-- SOURCE RECORDS follows --

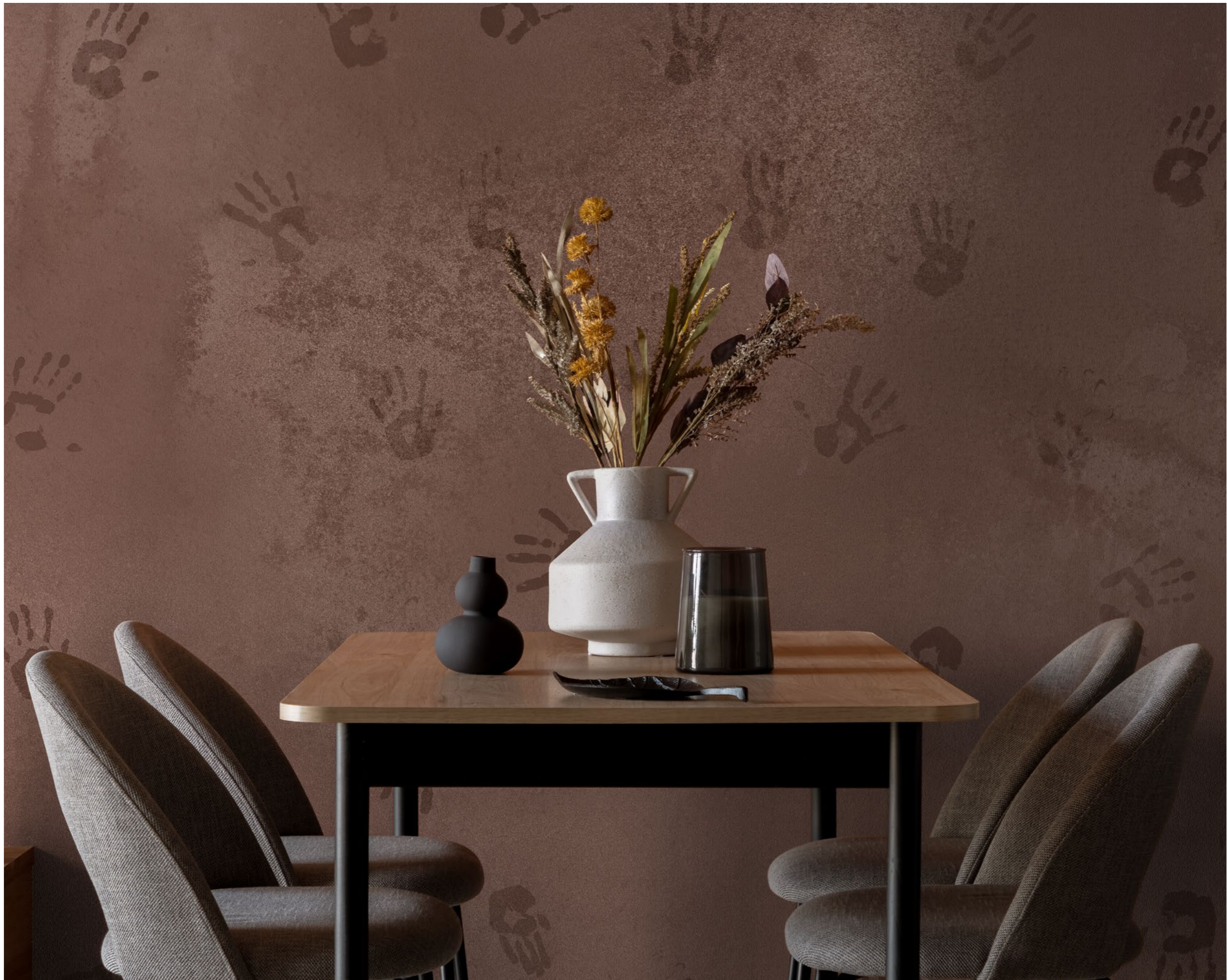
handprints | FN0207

-- SOURCE RECORDS concluded --
-- SOURCE RECORDS follows --

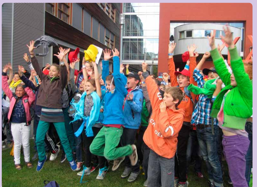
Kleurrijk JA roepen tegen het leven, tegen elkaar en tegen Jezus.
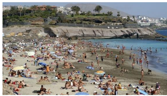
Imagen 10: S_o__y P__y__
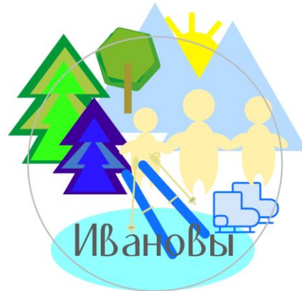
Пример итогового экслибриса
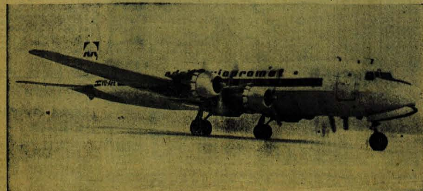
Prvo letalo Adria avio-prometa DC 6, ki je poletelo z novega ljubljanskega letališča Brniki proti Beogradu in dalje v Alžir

-- SOURCE RECORDS concluded --
-- SOURCE RECORDS follows --

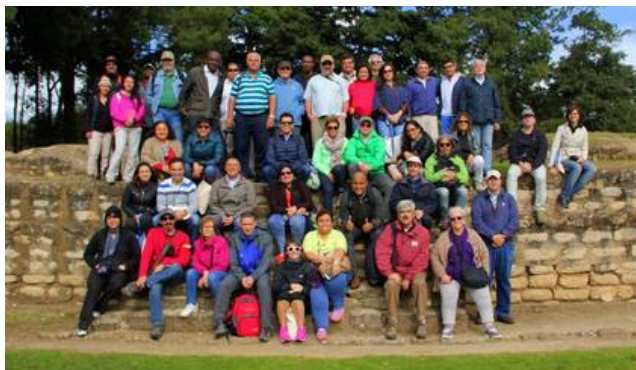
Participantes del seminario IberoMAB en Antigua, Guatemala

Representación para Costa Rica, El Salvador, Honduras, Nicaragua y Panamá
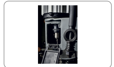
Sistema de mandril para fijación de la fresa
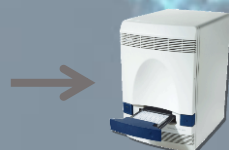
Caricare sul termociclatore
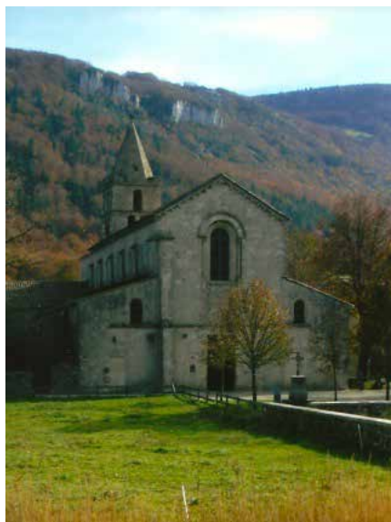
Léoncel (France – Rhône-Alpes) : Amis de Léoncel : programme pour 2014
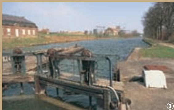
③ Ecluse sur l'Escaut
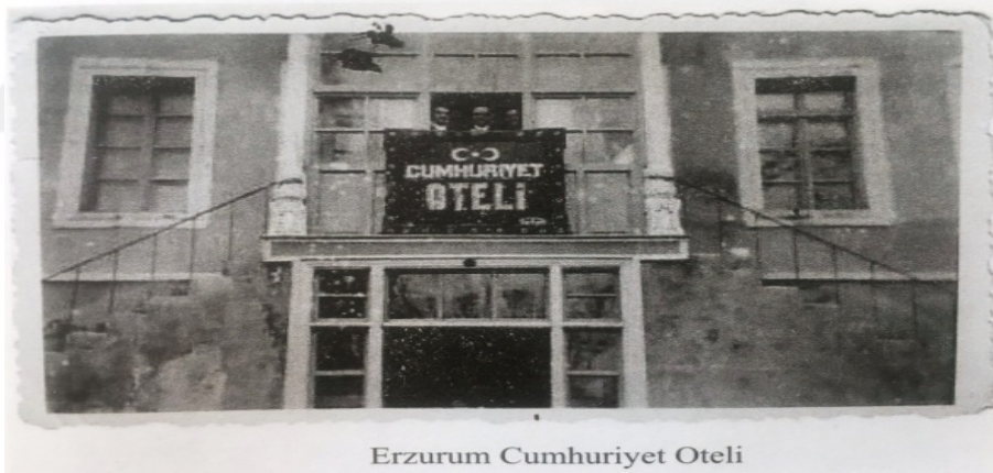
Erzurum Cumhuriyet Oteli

-- SOURCE RECORDS concluded --

*EXERCISE OBJECTIVE*
Your answer is the exact run of lines above from the one with "Representación para Costa" through the one with "Erzurum Cumhuriyet Oteli", both ends included, minus any picture.

*SOLUTION*
Representación para Costa Rica, El Salvador, Honduras, Nicaragua y Panamá
Sistema de mandril para fijación de la fresa
Caricare sul termociclatore
Léoncel (France – Rhône-Alpes) : Amis de Léoncel : programme pour 2014
③ Ecluse sur l'Escaut
Erzurum Cumhuriyet Oteli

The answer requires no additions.